И вот, наконец, с этими ставшими историей грустными воспоминаниями, я домчался до пепелища. Наряду с пеплом застал обгоревшие осколки уничтоженных пожаром бутылок. К счастью, всё-таки удалось локализовать возгорание в одной, но весьма немалой части склада, которая одновременно являлась как бы тамбуром для редкого выезда разгружаемых машин. Итого площадь дотла выгоревшего помещения оказалась не шесть тысяч, а сто с небольшим квадратных метров. Примерный ущерб от порчи нашей продукции огнём и задымлением вместе с затратами на ремонт помещений составил примерно 4–5 миллионов рублей, а с простоем — 6–7 миллионов.

Мебель в салоне из-за сильного задымления вся пропахла гарью, особенно диваны. Удастся ли их спасти с помощью химической чистки? Аналогично пропахла и продукция арендаторов. Оценка нанесённого им ущерба ещё впереди.

Теперь главная задача — установить причину пожара. Возможно, короткое замыкание, курение или умышленный поджог.

Видеокамеры в этой части склада, как назло, не оказалось. В соседнем нашем же складском помещении видеонаблюдение зафиксировало как бы мгновенно возникшее ровное пламя. Яркость его быстро возрастала. Искрения, свойственного возгоранию проводки, вроде бы не было.

Вскоре выяснилось, что за несколько минут до пожара в тамбур два раза заходила уборщица.
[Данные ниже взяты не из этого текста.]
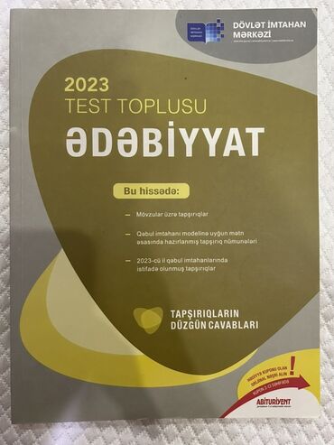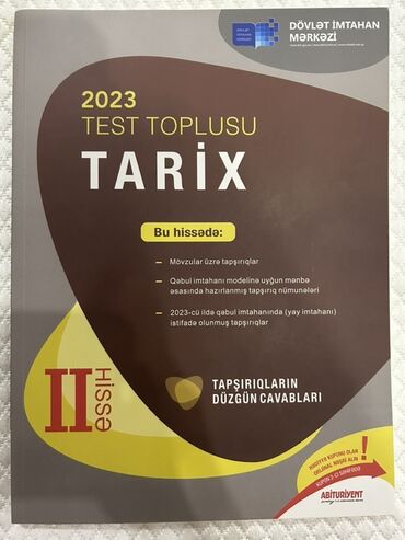 Xüsusiyyətlər: - Fənlər: Tarix (I və II hissə), Ədəbiyyat, İngilis dili (I hissə),Riyaziyyat (I hissə)Azərbaycan dili (I və II hissə) -Bəzilərinin kuponları silinib -Test kitabları yeni vəziyyətdədir -Hər biri endirim ilə 5 AZN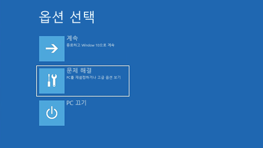 < 윈도우 복구 "옵션 선택" 화면 (안전모드로 들어가기 위한 첫단계) >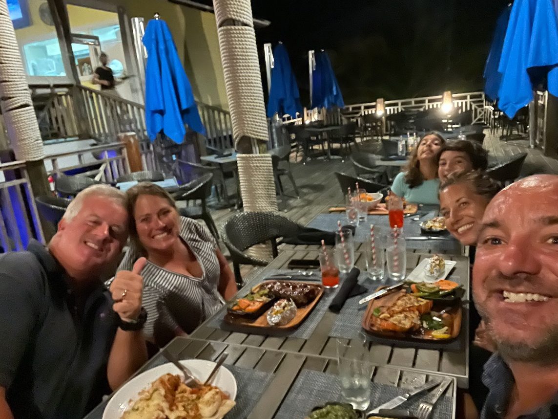 We celebrated the completion of our trip at Buddha’s Snack Shack, where we spent Christmas and New Years, months before. After ordering some rum drinks for the kids and fried cheese for the adults—all appreciative of the familiar surroundings and proud of our collective accomplishment—everyone was tasked with identifying something enjoyable about the trip. Evelyn (“the one with the short hair”) went first: “There’s just too many; we swam with sea turtles and fed hot dogs to reef sharks. . . it’s hard to pick one.” So, shut-up Bill.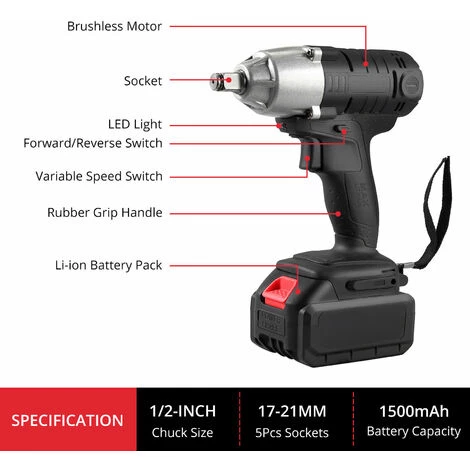 Clés a chocs électrique Sans Fil Boulonneuse 0-3200 tr/min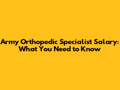 Army Orthopedic Specialist Salary: What You Need To Know

Первый раз на три минуты, второй раз всего секунд на двадцать. В это же примерно время в смежном складском помещении был и молодой человек — продавец-консультант; но в тамбур он не заходил. Уборщица первоначально дала объяснения, что ходила в тамбур выбрасывать мусор, а второй раз — посмотреть, следует ли и там помыть пол. Но видеокамера показала, что она лжёт, мусора в её руках не было. Тогда она призналась, что ходила курить. Оказывается, там стояла лавочка для курения, а на ней, как хлеб и соль в зимовье, лежали ничьи сигареты и зажигалка. Второй раз она вернулась, чтобы положить случайно прихваченную зажигалку. Никакого запаха тления при этом, она уверяет, не было, а мгновенно, как известно, коробки не разгораются. Выяснилось, что работает она в фирме всего два месяца. Может, её или ещё кого-то к нам заслали «доброжелатели» специально, чтобы произвести диверсию. Разговор с уборщицей выявил её пограничное с шизофренией состояние психики. Вряд ли такую зашлют. Да и привела её к нам как замену себе увольняющаяся с работы соседка.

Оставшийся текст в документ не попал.